January 16, 2006
Well, the day is almost over, and I haven’t done anything useful. I’m such a slacker. I did begin the laundry, and I need to go down to the basement and deal with the load in the washer. Other than that I fiddled about with TiVo settings and watched various things on Food Network and TCM. I had some trouble with the desktop application for the TiVo transfers. I ultimately had to delete every file with the word TiVo in its name by hand; then do a reinstall. It’s working though, and I copied a file to my machine. Didn’t try a DVD burn though. I have three blank DVDs but they are fairly nice. I need to go buy some cheap ones to practice with.

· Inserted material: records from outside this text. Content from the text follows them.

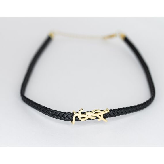 Колье из кожаного шнура черного цвета с подвеской из высококачественного гипоаллергенного ювелирного сплава желтого цвета. Длина колье- 40,0см с удлиняющей цепочкой. Замок- карабин.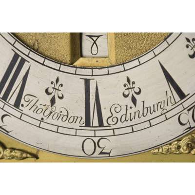 Note: Thomas Gordon, Edinburgh 1688-1743 was apprenticed to Andrew Brown and freed in 1703. He worked for forty years making watches as well as longcase and bracket clocks. Existing clocks by him are very rare, as indeed, all early Edinburgh clocks are. Further information can be found in Old Scottish Clockmakers by John Smith.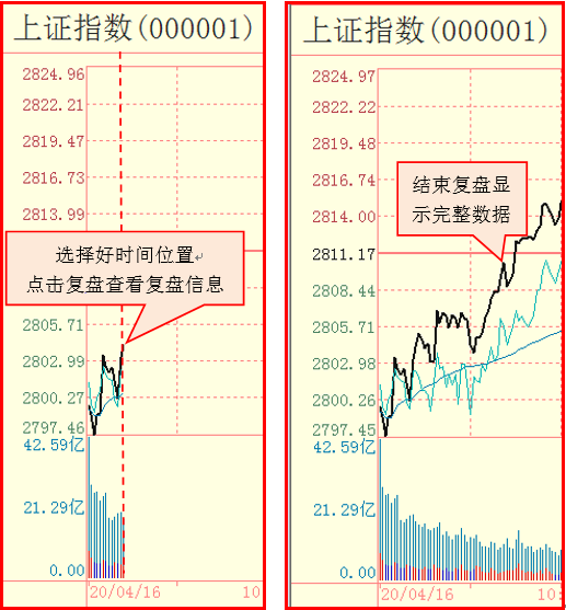 复盘/结束复盘:在历史分时的任意位置定位光标,选择复盘,图形和指标恢复到定位时间的数据信息,结束复盘,还原到完整数据信息。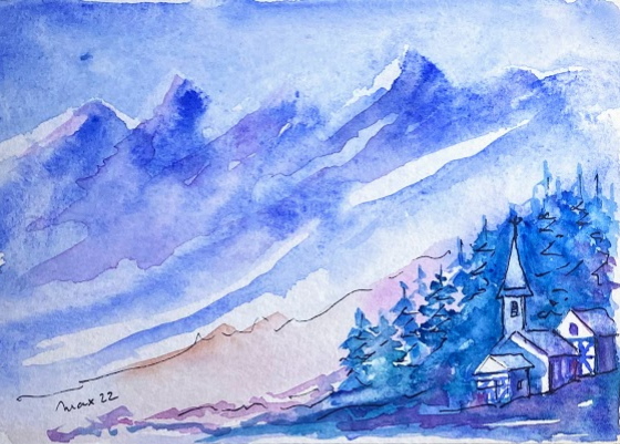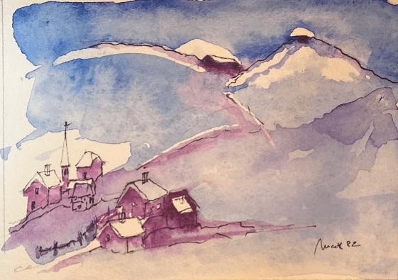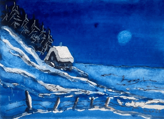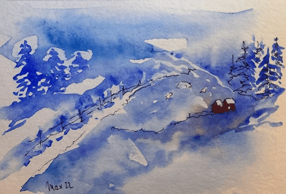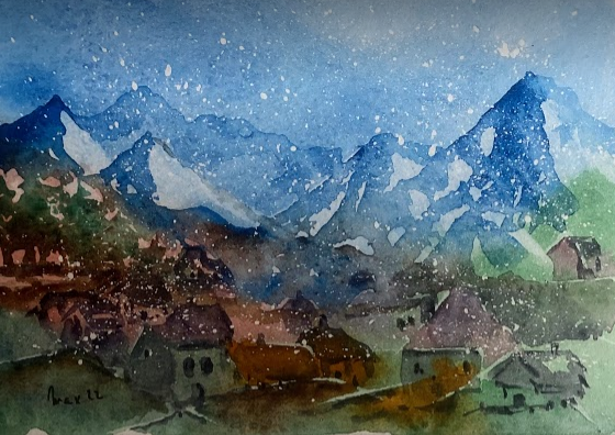 Tous ces travaux sont imaginés. Ce sont donc des œuvres de fiction. Souvent je commence avec de l’eau, puis de la couleur. Parfois la neige en réservation sur la page blanche.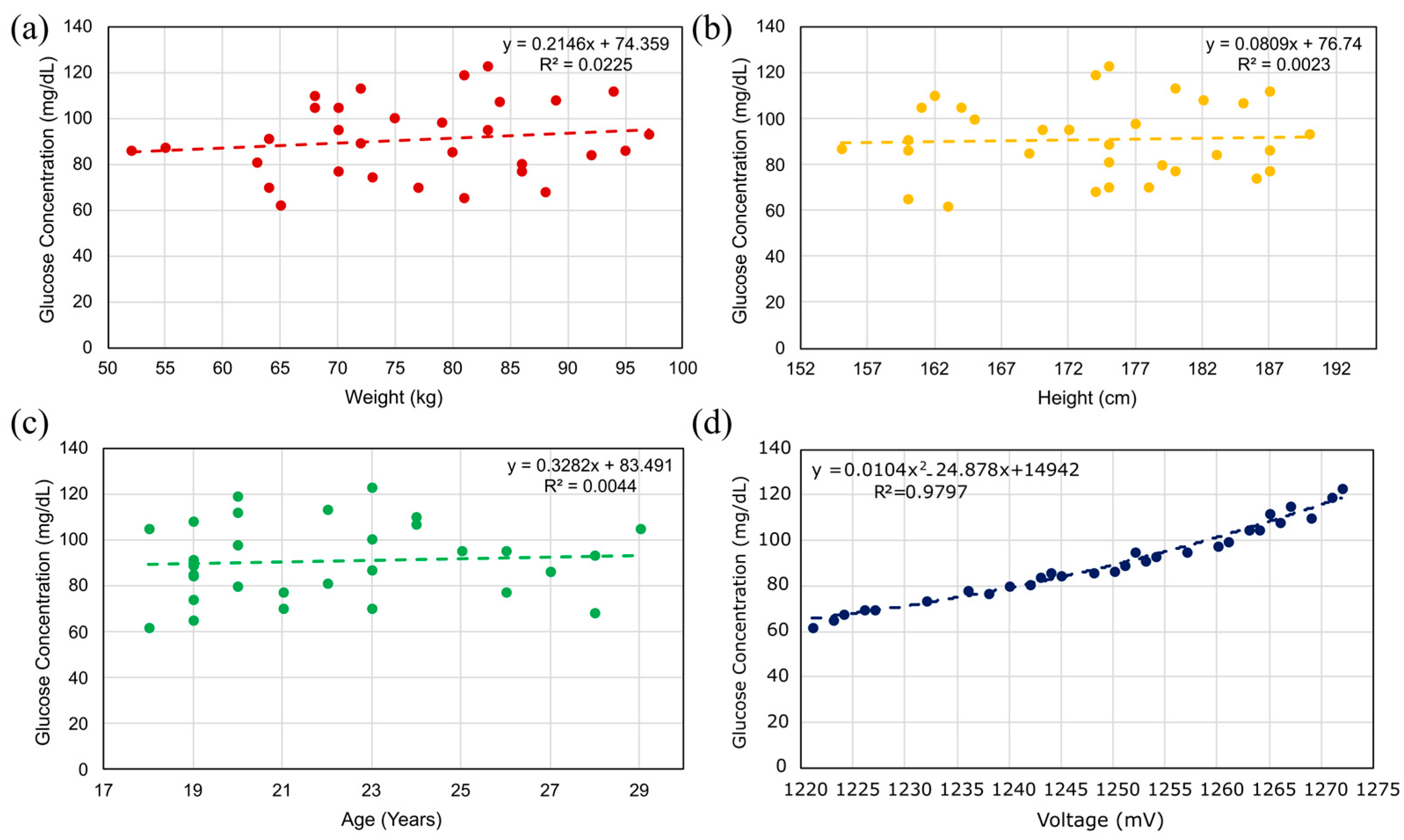 | Coefficients of the quadratic voltage–to–glucose calibration | |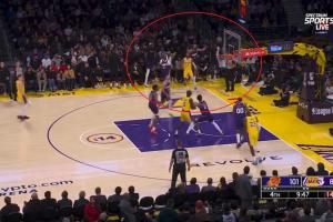 末節(jié)9分48秒,時(shí)間靜止,湖人的進(jìn)攻時(shí)間也鎖定在了15秒,這個(gè)回合最終文森特轟進(jìn)底角三分

I feel badly. Partly, if not all physical. I so have physical symptoms and whatnot. But maybe it’s partly mental. My brain is stupid, so it’s probably partly my brain. I was having bad thoughts today about my life. I kept thinking that I wanted to just be a housewife, to stay home, keep things tidy, sew, cook for someone. I want to just do that. Maybe I just want someone who is mine to take care of. But that’s an all-wrong thought and my women’s studies training slapped my conscience around for such inappropriate thoughts. I think all the wrong things. Maybe I’m just still having nostalgic loneliness for the things I used to be able to do when I was home for the holidays, for the things I wanted to do but didn’t get to. I don’t know. I often think that I was born in the wrong time period. I just know that sometimes, like today, I think things that I know I’m not supposed to, that everything I’ve ever been taught says are wrong. I don’t know why I think such wrong things, so many different wrong things.